And if there really were 100 such claims in a video, it would be more than passing strange for someone to demand “Okay, so AIDS doesn’t cure cheese, but how about that part where he says that global warming is caused by penguins having too much sex? Or what about his argument that there really are hundreds of flying saucers buried under the Gobi and our world leaders have slowly been extracting some of them from time to time in order to reverse-engineer their technology? And anyways, you have no business objecting if you’re not an atheist or if you’re an American.”

There was an episode of L&O:SVU where Luke Perry played this Mr Sensitivity guy; his wife was a rape victim and he was really involved in rape-survivor support stuff. He acted as a foster parent to the son of another rape victim and was always all “Hey, buddy, let’s talk about your feelings, mmmkay?” Turned out *he * was the rapist.
My husband is a sweet, sensitive guy. He loves me more than anything on earth, so much that it moves him to tears sometimes. He’s written me love poetry. But he’s a man, and he makes me feel safe and protected. These guys strike me as the type who would need to be protected. Milquetoasts, as someone upthread so eloquently put it.

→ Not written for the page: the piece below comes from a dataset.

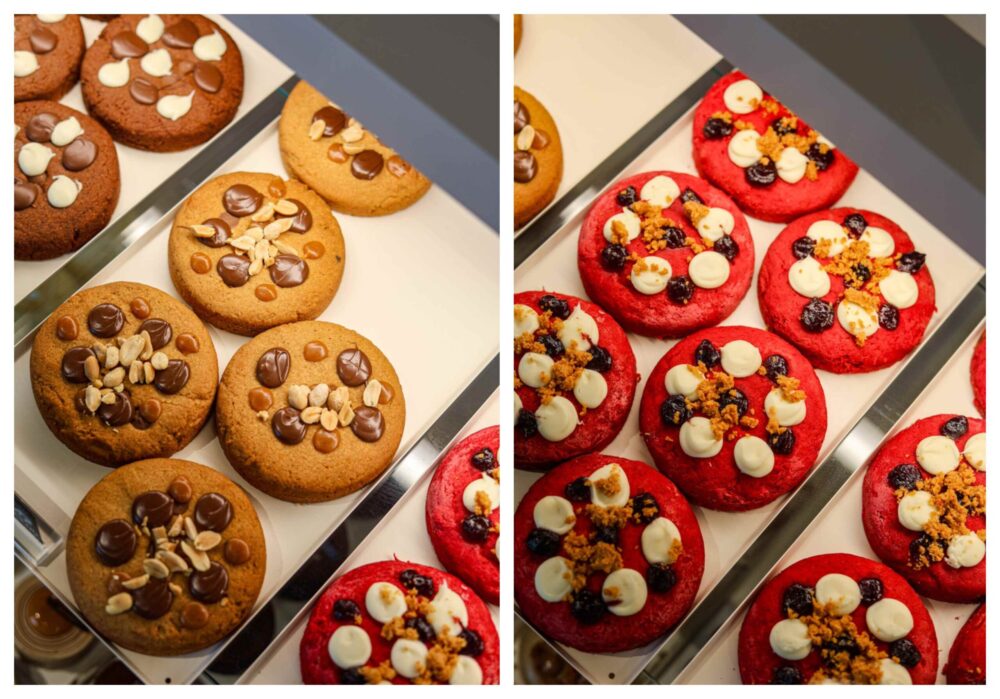 Accanto ai lievitati, ci sono loro: i cookies, ormai un simbolo del banco, proposti in tantissimi gusti, dal lampone al doppio cioccolato, fino al caramello.

Ugh, the chirping birds and soft music and curly script at the beginning of that video! I’ll have to admit, I only got about thirty seconds in before I was overcome by vomiting.

ETA: I’m sorry, I meant to comment on how people shouldn’t apologize for historical wrongs, etc. I got sidetracked by the wussiness.

Let’s see whois making this claim.

So, in addition to everything else, we’ve got hypocrites here. The New Age woo-woo is fine to say, but not followed by anything meaningful, such as making his wife a co-president.

:mad: Damn, it means that I lost the Dope Office Pool. I had my money on Meyer6 being the first to get red text, and not until Page 6.

I wouldn’t feel good about women being soldiers, police officers, doctors, stock brokers, lawyers, members of congress, etc. etc. if they were all more defined by intuition and peaceful nurturing than by logic and rational goals. It wouldn’t be good for them or for society.

Thanks. I couldn’t really add anything to your interpretations of what they said…that was a good job, as well. Must be your natural feminine intuition.

This is all because of Charlie Sheen, isn’t it?

Not ‘red’ text, ‘menstrual’ text. Please intuit an effort at keeping up with the new age terminology.

I guess you didn’t read the other parts of the manifesto.

By the way, are they aware that women in societies that practice female genital mutilation often support the system?

So, yeah. The manifesto is essentially saying men are violent brutes.
I am curious, as a staunch supporter of prostitution and a pornographer how do you interpret this statement?

Men started it!

It’s the masculine violence inherent in the system.

I love how Stoid’s expression of her intuitive feminine side is the same creepy condescension as the dudes in the video.

I just came in to check on the red, bold, underlined text situation.

Coming along nicely, I see.

(Did you see how I feminized the situation by calling it “nice” there?)

This is what I thought also. The kind of people who are “enlightened” by this nonsense are so clearly and desperately in need of some kind of sad insecure affirmation. They want and need to hear this lovey-dovey crap spoon fed to feel better about themselves.

Frankly I just feel sorry for anyone who buys this.

Nope, still wrong.

Life-giving crimson-glory of the Mother Earth Goddess Herself… text.

“Often”? I’m no expert on the practice, but the only societies I’ve read of in which fgm is practiced perpetuate the practice entirely through female lines. It’s the women who conduct the whole mutilating ceremony start to finish.

Certainly the men support this practice, just as women support warfare. But just as warfare is (until recent times) an almost exclusively male practice, fgm has been an almost exclusively female practice.

Which in no way decreases its horror, of course. Compare it to warfare: a man isn’t comforted or somehow less victimized by warfare when his killer is another man, and a girl isn’t comforted or somehow less victimized by fgm when her mutilator is her mother. There’s no meaningful gender guilt, no cosmic gender scorecard. But it’s worth noting how fgm is practiced if only as a reminder that gender studies are complicated and not easily reduced to idiotic mass apologies by a handful of smug assholes.